# How to learn all of the notes on the neck - Fretboard Warrior



## youheardme (Jun 1, 2010)

Hey guys,

Just thought I'd throw out this tool which i've used while away from my guitar to familiarize myself with the notes across the fretboard.

Link:
Fretboard Warrior

It's basically a game which shows you a dot on the fretboard, plays the sound and gives you a period of time to get as many right (and or wrong) as you can.

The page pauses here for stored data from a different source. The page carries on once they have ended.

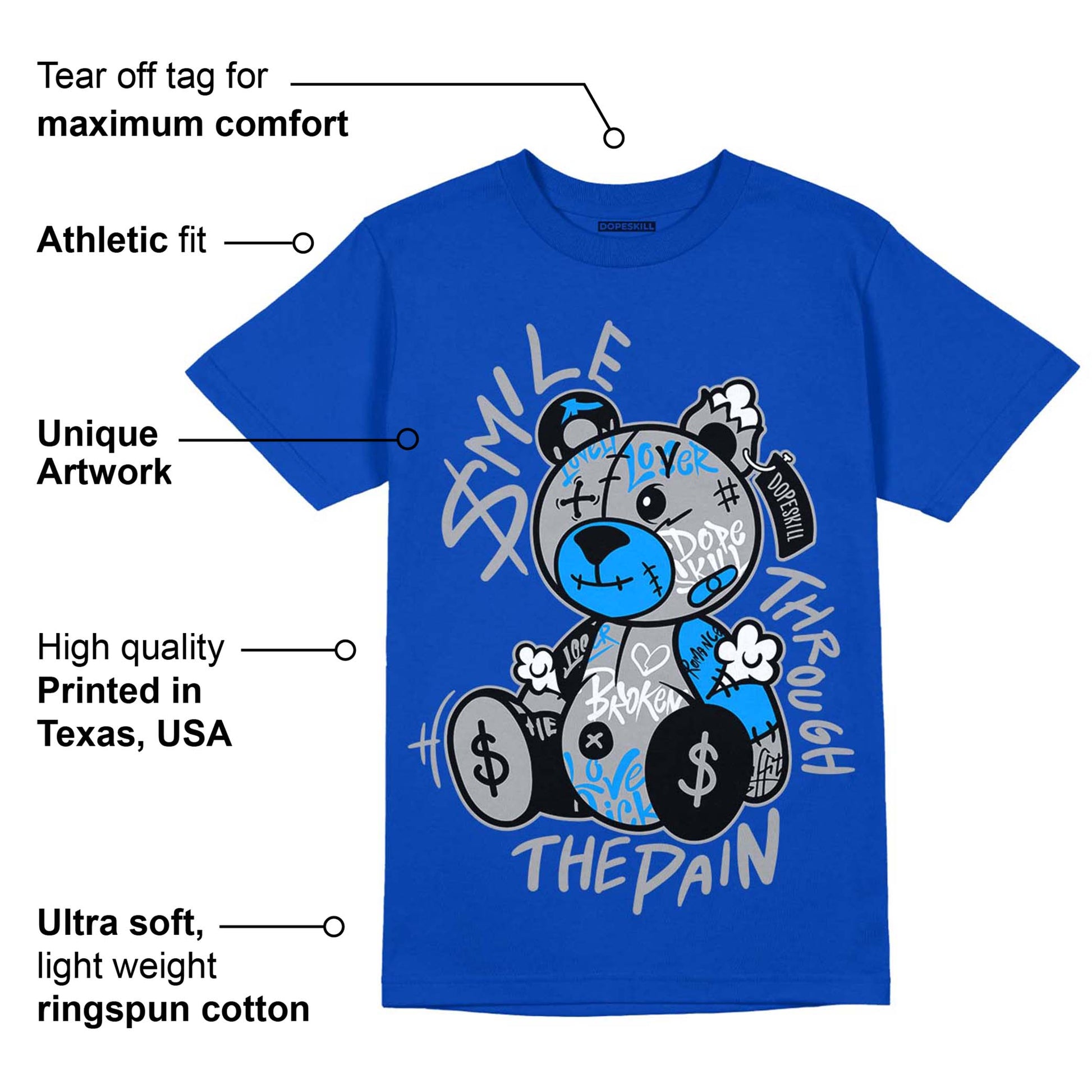 AJ 5 Racer Blue DopeSkill Racer Blue T-shirt Smile Through The Pain Graphic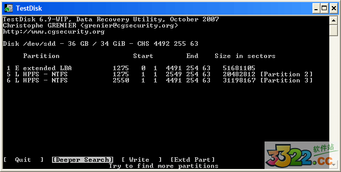 Deeper Search 深度搜索也會(huì)找尋 FAT32的備份boot扇區(qū) 以及 NTFS backup boot superblock, ext2/ext3 backup superblock 來(lái)查找更多的分區(qū),它將會(huì)掃描每一個(gè)柱面。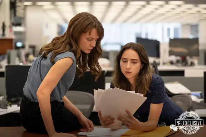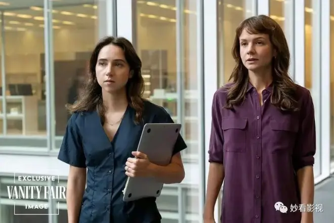 凯莉·穆里根(Carey Mulligan)饰演的梅根·托希,她在工作中尽显坚韧,但在生活中却很脆弱,她刚生完第一个孩子,还在和产后抑郁症作斗争。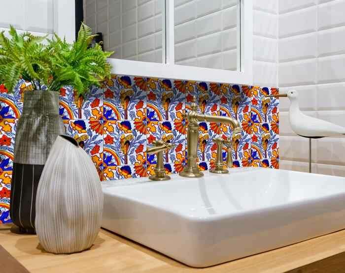 Create a unique look with these 8" x 8" Orange Red and Blue Peel and Stick Removable Tile stickers. These fabulous peel and stick tiles will add sophisticated flair and design to your kitchen backsplash, fireplace mantel, stair treads, half wall, bathroom or nook. These 8" square tile stickers are an easy, no mess solution to complete a personalized and colorful room makeover. Easy to apply on any clean dry flat surface, and easy to remove. Multi use and multi-room appeal make this design option is perfect for renters, landlords, college students and homeowners alike. Peel and stick tile decals make it easy to turn your space into a home. Removable without damage to surfaces. One kit contains 24 stickers. Kit includes a single repeating design.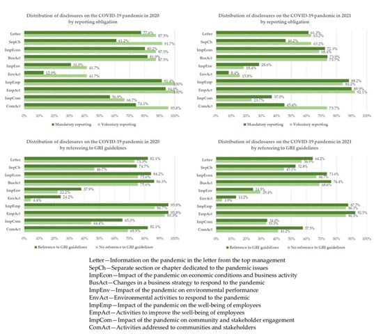 The relevant data disclosed by the companies in the analyzed areas was related to the number of reports obtained for 2020 and 2021. The analysis took into account the percentage share of disclosures related to the COVID-19 pandemic in individual reporting areas for each year of the analysis, and the distribution of disclosures related to the pandemic in the areas under consideration, taking into account: (1) sustainability impact group, (2) type of report, (3) obligation or lack of obligation to prepare a report presenting non-financial data, and (4) reference or lack of reference in the report to the GRI guidelines. Figure 3 presents the aggregated results of the performed analyses.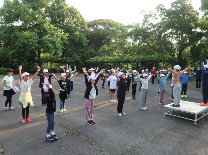 二日目の朝は、6時半に起きました。みんなで集いの広場に集まり、ラジオ体操を行いました。

I haven't seen anyone mention this app yet so i thought i'd bring it up.

Whats your high score?!?


----------



## AliceAxe (Jun 1, 2010)

I don't know my score, but I do like this program 

this is a neat little free game for sight reading:

Sheet Music MIDI Video Game - Note Attack!


----------



## theo (Jun 1, 2010)

this is awesome, despite having played for nine years, having a diploma in music and being quite insane for guitar, I have never managed to learn my fretboard properly. thanks for posting this. repped


----------



## youheardme (Jun 1, 2010)

Awesome, I find it's fun to record your scores as you go and you can notice a significant improvement as you familiarize yourself with the notes more and more.


----------



## cypher858 (Jun 4, 2010)

after my second try on the two minute one my high score is 21... damn i suck xD

thanks for this post though. i thanked


----------



## AliceAxe (Jun 5, 2010)

I see they have it for iphone.

does anyone know of any programs like this for handhelds/pocket PC?
I've got a jornada 720 that would be great to have stuff like this on. I was able to find some sequencer programs and such but no guitar ones that I could get to work.


----------



## Daggorath (Jun 5, 2010)

Thanks for the sight reading game, will hopefully help me memorize the basics.


----------



## youheardme (Jun 14, 2010)

bumping in case anyone missed the first time


----------



## Xiphos68 (Jun 14, 2010)

Awesome find!


----------